### DATA LISTING:
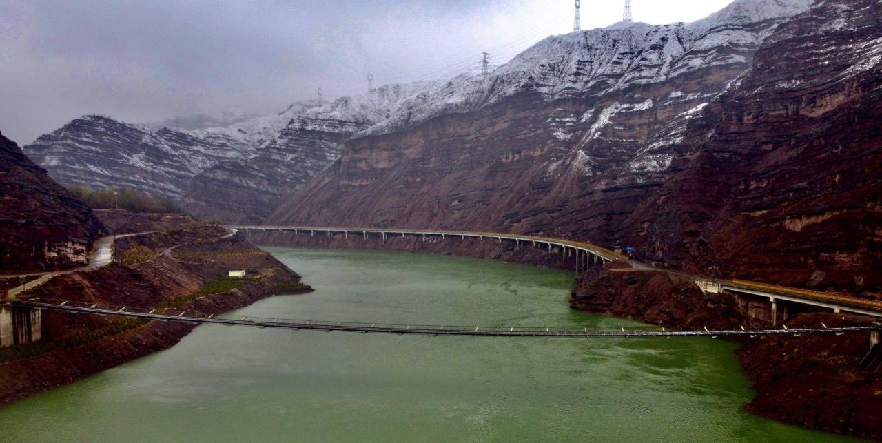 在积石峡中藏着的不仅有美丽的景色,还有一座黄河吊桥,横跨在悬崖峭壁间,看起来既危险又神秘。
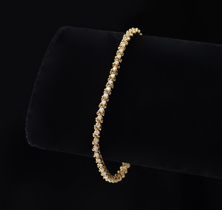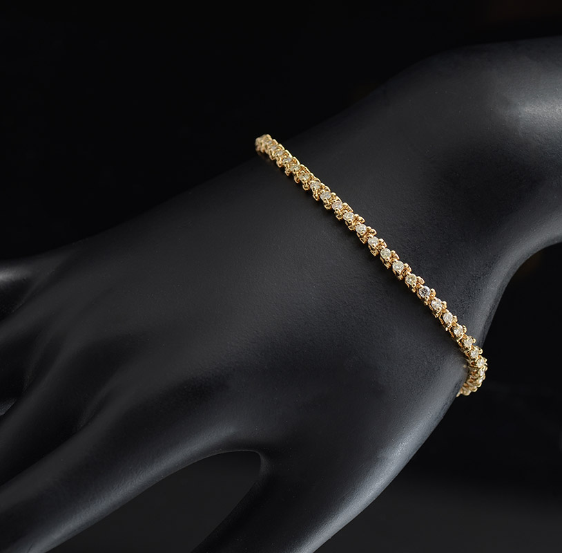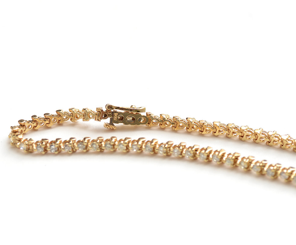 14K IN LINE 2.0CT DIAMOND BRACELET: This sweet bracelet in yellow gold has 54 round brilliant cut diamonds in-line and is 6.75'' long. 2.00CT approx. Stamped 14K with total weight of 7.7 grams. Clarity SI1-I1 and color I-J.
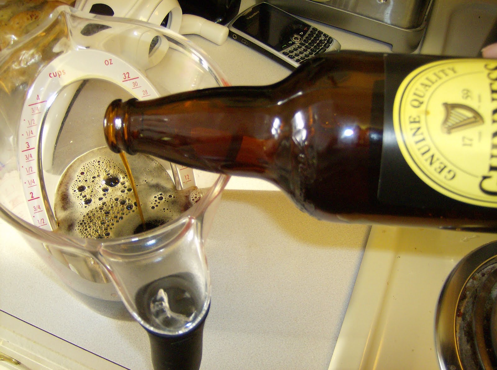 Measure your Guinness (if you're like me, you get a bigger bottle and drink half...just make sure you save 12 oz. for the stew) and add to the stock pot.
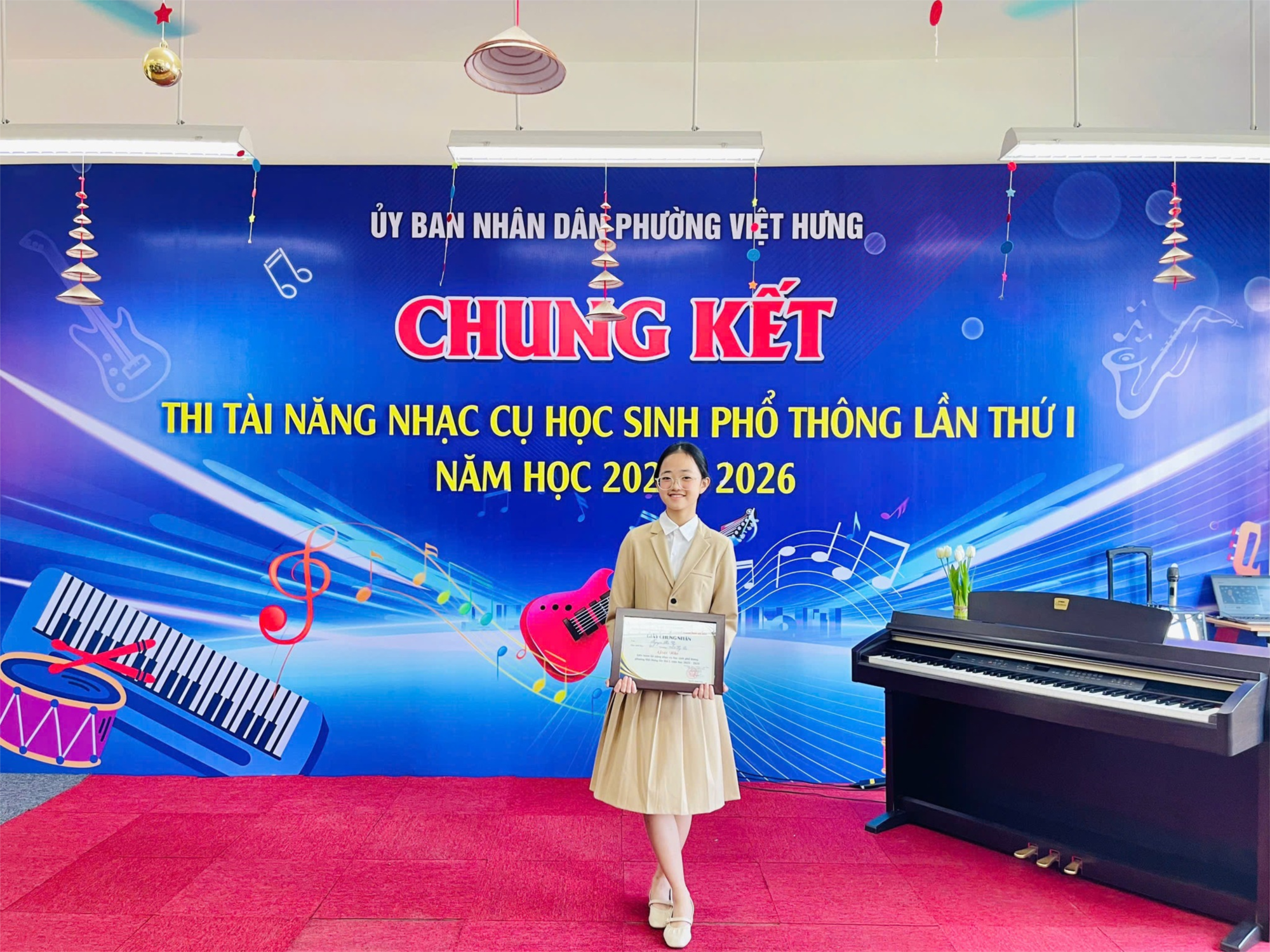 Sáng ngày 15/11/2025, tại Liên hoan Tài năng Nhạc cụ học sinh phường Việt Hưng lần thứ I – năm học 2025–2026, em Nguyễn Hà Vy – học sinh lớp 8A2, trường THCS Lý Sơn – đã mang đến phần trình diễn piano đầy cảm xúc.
...
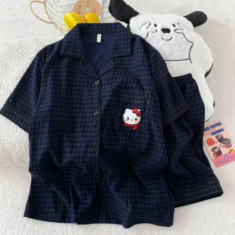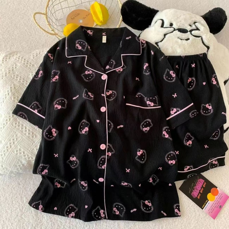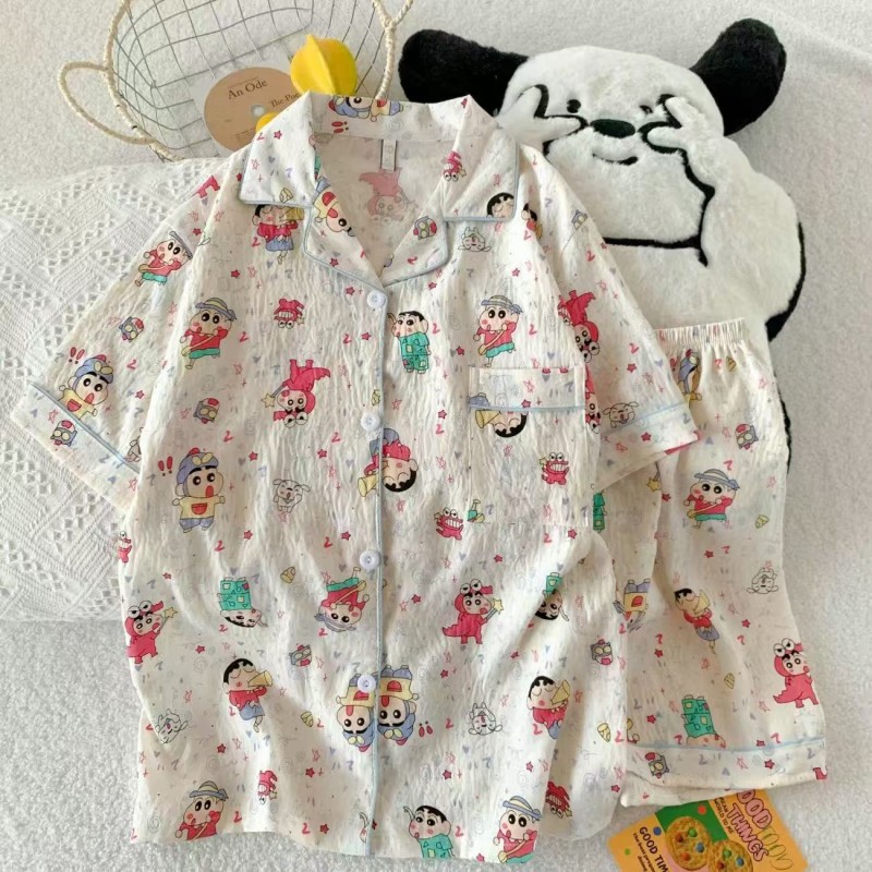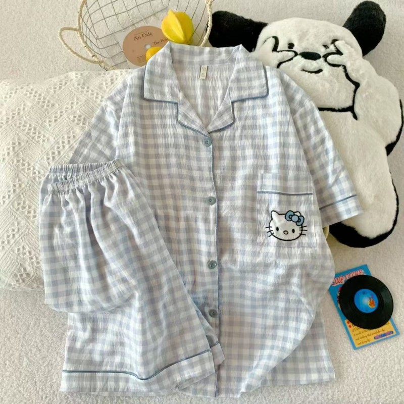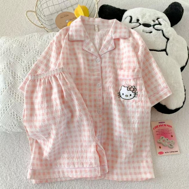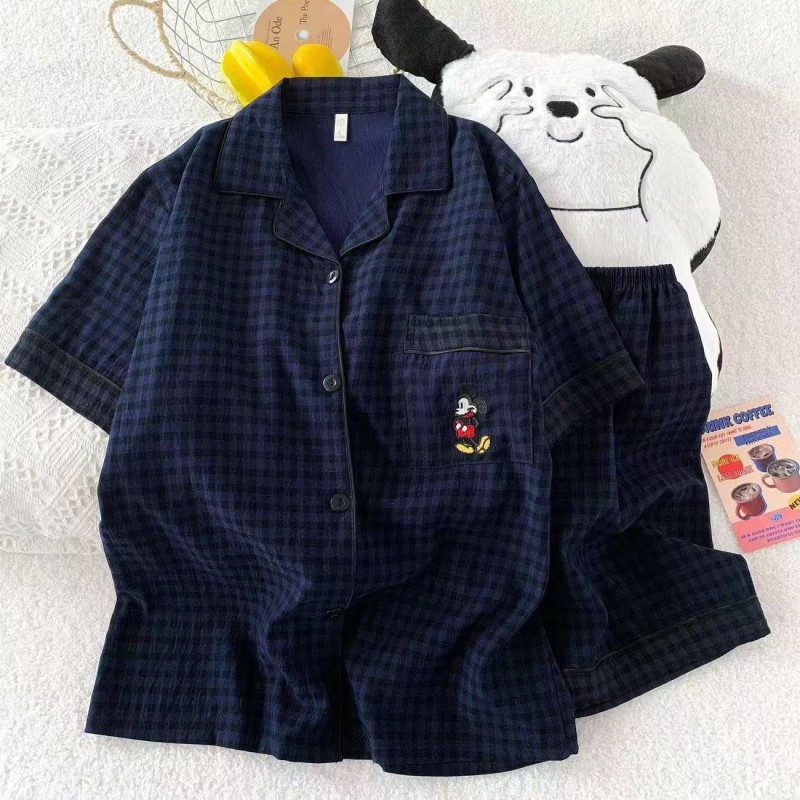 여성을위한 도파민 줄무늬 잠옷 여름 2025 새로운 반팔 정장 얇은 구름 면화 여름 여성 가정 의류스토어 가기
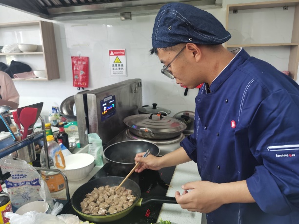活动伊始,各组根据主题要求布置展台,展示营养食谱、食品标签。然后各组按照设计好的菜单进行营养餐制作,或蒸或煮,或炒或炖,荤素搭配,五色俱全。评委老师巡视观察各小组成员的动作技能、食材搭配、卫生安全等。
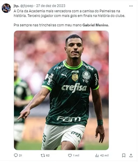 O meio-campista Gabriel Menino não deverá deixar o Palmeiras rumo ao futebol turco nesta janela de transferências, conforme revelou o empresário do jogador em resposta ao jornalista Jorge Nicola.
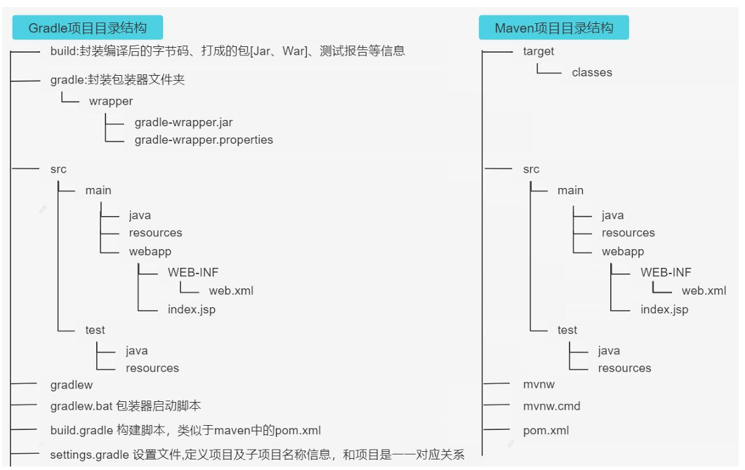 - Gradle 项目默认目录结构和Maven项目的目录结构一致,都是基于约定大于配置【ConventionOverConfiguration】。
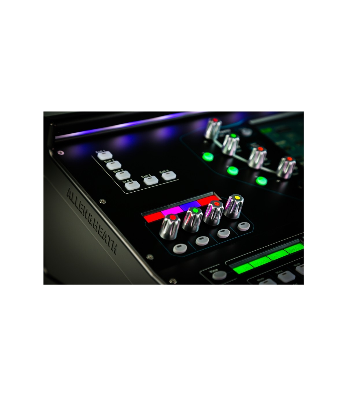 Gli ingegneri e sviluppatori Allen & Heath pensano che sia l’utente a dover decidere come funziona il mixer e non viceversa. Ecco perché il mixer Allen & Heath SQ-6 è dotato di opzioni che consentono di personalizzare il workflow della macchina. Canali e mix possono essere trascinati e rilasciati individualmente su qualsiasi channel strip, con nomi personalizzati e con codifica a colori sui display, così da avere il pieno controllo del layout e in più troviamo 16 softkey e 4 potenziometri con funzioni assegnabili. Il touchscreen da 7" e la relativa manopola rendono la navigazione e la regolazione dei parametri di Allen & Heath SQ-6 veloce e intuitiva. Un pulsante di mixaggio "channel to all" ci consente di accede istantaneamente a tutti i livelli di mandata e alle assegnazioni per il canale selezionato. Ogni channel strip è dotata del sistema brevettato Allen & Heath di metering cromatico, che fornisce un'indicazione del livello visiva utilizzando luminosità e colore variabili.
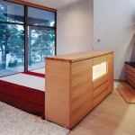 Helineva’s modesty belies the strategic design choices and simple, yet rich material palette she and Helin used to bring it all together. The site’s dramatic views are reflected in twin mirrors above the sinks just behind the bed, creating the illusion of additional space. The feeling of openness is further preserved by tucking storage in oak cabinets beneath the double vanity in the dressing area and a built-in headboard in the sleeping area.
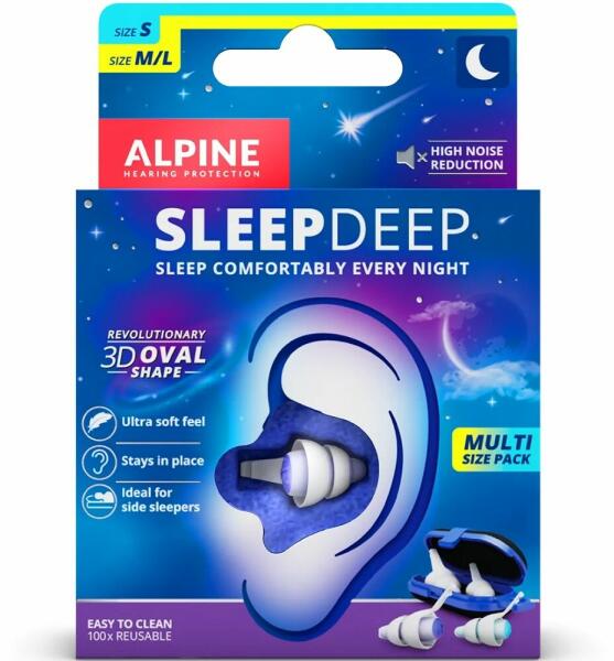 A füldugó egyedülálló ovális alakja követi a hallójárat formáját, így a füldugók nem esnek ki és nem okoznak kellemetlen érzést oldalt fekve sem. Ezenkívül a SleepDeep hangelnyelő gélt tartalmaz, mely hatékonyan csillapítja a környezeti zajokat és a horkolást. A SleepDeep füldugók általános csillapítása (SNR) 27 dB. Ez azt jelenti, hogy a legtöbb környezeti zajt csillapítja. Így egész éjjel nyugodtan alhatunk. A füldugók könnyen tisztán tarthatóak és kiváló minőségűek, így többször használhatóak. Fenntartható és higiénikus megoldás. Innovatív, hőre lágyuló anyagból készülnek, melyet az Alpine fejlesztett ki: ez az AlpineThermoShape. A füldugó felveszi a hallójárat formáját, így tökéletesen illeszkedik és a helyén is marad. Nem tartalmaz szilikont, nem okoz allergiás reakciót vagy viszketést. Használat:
---
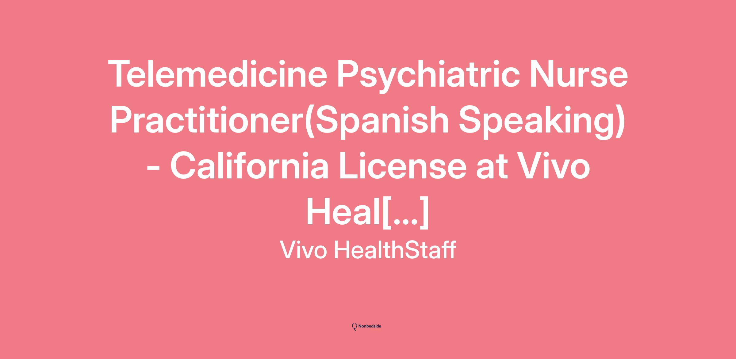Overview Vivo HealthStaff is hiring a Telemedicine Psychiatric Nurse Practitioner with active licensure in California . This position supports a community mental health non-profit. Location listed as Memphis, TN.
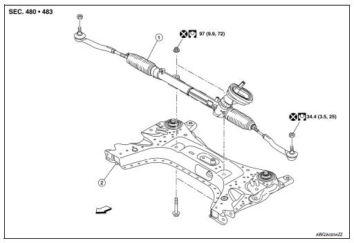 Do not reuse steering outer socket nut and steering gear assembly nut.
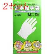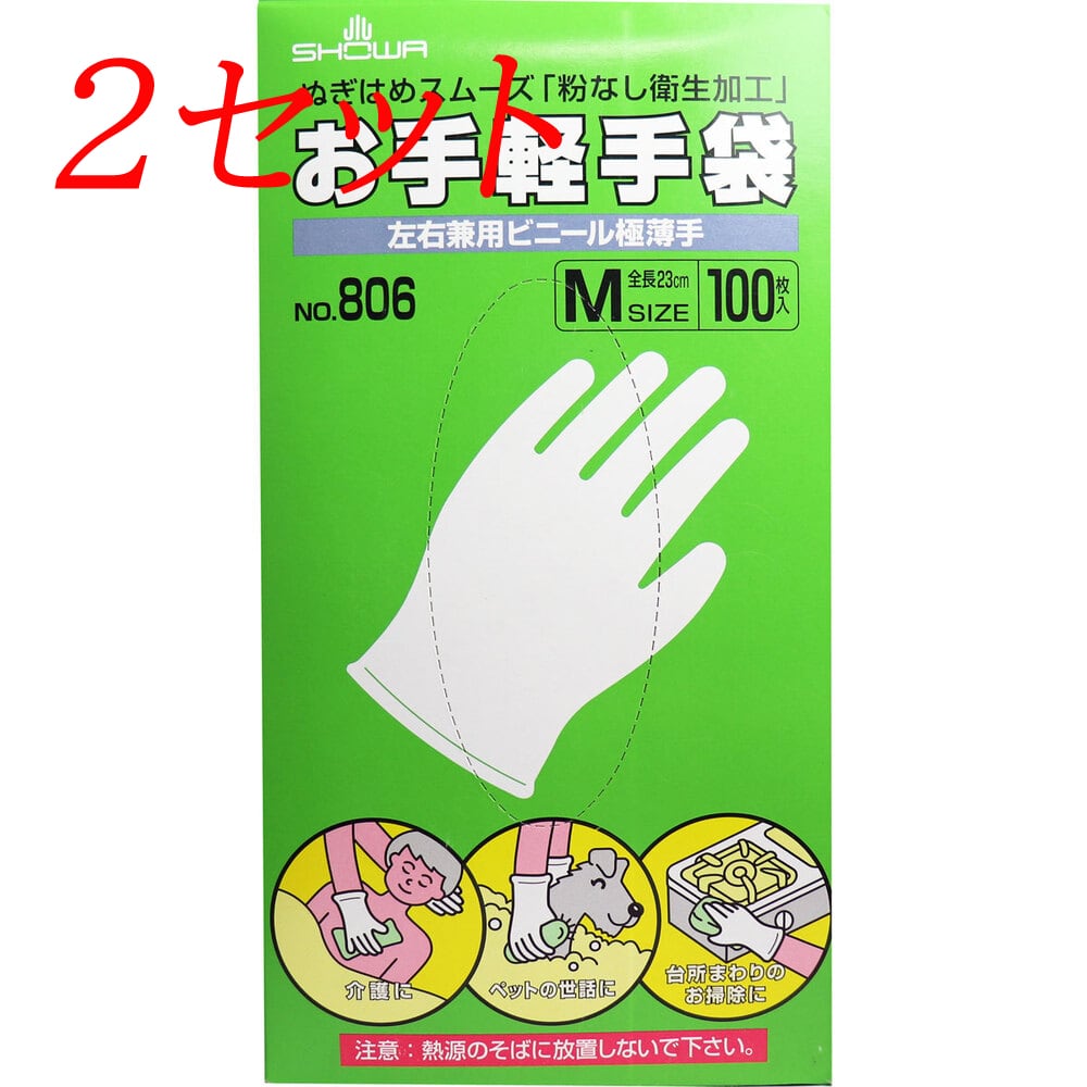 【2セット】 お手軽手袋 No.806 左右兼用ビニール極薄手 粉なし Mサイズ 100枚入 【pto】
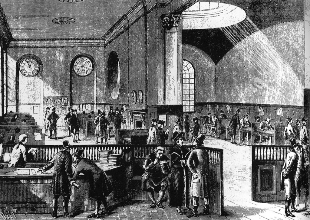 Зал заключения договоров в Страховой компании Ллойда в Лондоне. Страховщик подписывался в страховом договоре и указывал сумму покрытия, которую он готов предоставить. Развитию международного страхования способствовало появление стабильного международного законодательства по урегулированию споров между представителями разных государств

### WORK INSTRUCTION:
Would you copy, word for word, only the lines above from the one containing "在积石峡中藏着的不仅有美丽的" through the one containing "Measure your Guinness", both included, and please leave out the pictures?

### EXERCISE ANSWER:
 在积石峡中藏着的不仅有美丽的景色,还有一座黄河吊桥,横跨在悬崖峭壁间,看起来既危险又神秘。
 14K IN LINE 2.0CT DIAMOND BRACELET: This sweet bracelet in yellow gold has 54 round brilliant cut diamonds in-line and is 6.75'' long. 2.00CT approx. Stamped 14K with total weight of 7.7 grams. Clarity SI1-I1 and color I-J.
 Measure your Guinness (if you're like me, you get a bigger bottle and drink half...just make sure you save 12 oz. for the stew) and add to the stock pot.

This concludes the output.